Le Acli ci vogliono tutti politici

La fiducia nella preghiera e nel dialogo sul fronte della guerra alimentano in questi giorni di fine-emergenza sanitaria un irresistibile desiderio di rimetterci “in movimento”. Proprio così le Acli trentine hanno intitolato sabato scorso il loro prezioso convegno primaverile, sbrigativamente e superficialmente interpretato come un lancio precoce della corsa elettorale. La pista (ad ostacoli) battuta con coerenza dalle ACLI è infatti quella più lunga e graduale della formazione e della coscientizzazione, fondata sull’esigenza di “Ri-costruire comunità”, come diceva il motto dei precedenti incontri territoriali.

Sarebbe anche antistorico pensare che la radicata associazione dei lavoratori punti a sedersi al tavolo di una coalizione di centrosinistra autonomista (un tavolo già molto affollato in Trentino dopo l’esordio dell’aggregazione Campobase, il dinamismo di Azione, la ripartenza di Futura, lo scalpitare del Patt già a congresso…) o che stia tirando una “volata lunga” al proprio presidente. Quando in passato esponenti aclisti si erano gettati nella mischia partitica (si pensi ad Aldo Marzari o Carlo Alessandrini), la discesa in campo era avvenuta a conclusione del servizio ecclesiale ed in termini personali, per non rinnovare gli errori di un collateralismo del passato.

Merito di Luca Oliver, applaudito sabato dagli esponenti politici come uditori alla Sala della Cooperazione, è stato quello di individuare lucidamente molti elementi di novità con cui preparare il 2023 dal doppio appuntamento elettorale, nazionale e provinciale. “La comunità deve tornare ad essere un serbatoio di idee e di valori da inserire nell’agenda politica – ha detto in sostanza Oliver – altrimenti le istituzioni si ridurranno a semplici amministrazioni”. E dall’altra parte “è necessario che anche la politica torni nella comunità, cedendo una parte della sua sovranità, aprendosi ai cittadini attraverso nuovi strumenti inclusivi e partecipativi per alimentarsi di nuove energie civiche”.

Una sintesi impegnativa perfettamente allineata con quanto espresso sabato dall’arcivescovo Lauro che invita “i politici a riprendere il contatto con la comunità”, evitando i rischi di un’élite che cura il proprio orto mentre i cittadini stanno fuori “a fare soltanto il tifo”. “Siamo tutti politici”, cioè chiamati a contribuire dal basso all’elaborazione del bene comune a favore della polis, è stata la frase-mantra emersa dai gruppi di lavoro. Lo stesso don Lauro l’ha rilanciata come motore personale e comunitario che riaccenda a pieni giri la partecipazione dopo l’esperienza della pandemia “che non dobbiamo peraltro sprecare”.

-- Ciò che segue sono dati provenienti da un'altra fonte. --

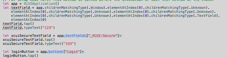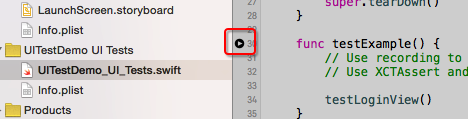 點擊testExample方法旁邊的播放按鈕,它就開始進行自動測試了,這時候你會看到app在自動操作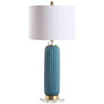 Whether at home or in the office, Samuel ceramic lamp is a contemporary look that can transform your room. This 30″ table lamp is crafted of glazed fluted ceramic. The smooth curves of the ceramic contrast with the straight lines of the clear crystal base while the warm brass accents pull the design together. It is topped with a classic off white linen drum shade to diffuse light throughout your space. Available in multiple colors.

Di cosa riempire il serbatoio, in vista del 2023? Di questa visione comunitaria – non elitaria – della politica, dalla quale soltanto potranno uscire volti credibili (possibilmente anche più giovani dell’attuale media regionale) da mettere in lista. Di una visione retrospettiva che valorizza il cambio di passo (condivisione, sobrietà, sostenibilità non solo ambientale…) imposto dalla pandemia e ora dalle “scelte di pace col portafoglio” (vedi economia civile). Di un atteggiamento realista che riconosce le difficoltà di questa legislatura (la squadra esordiente di Fugatti ha impattato con la tempesta Vaia, con il Covid e la guerra…), stimolando ogni coalizione a rinnovarsi. Che tutti si mettano davvero in movimento – anche gli avversari politici – è un beneficio collettivo.

Infine, c’è anche bisogno di un rapporto nuovo tra partiti, poteri economici e mondi vitali: la conflittuale crisi attraversata in questi giorni dai vertici dei cugini altoatesini della SVP dovrebbe suonare come un salutare campanello d’allarme. Anche per noi. Insomma, per non essere un’altra falsa partenza questo movimento verso le urne 2023 dovrebbe esporsi anche a qualche rischio coraggioso come quello che guidò Alcide Degasperi nella ricostruzione postbellica. Lo intraprese “come una missione ispirata dalla fede”, come testimoniava la figlia Maria Romana che da oggi guarda dal Cielo anche la nostra cinquantennale Autonomia.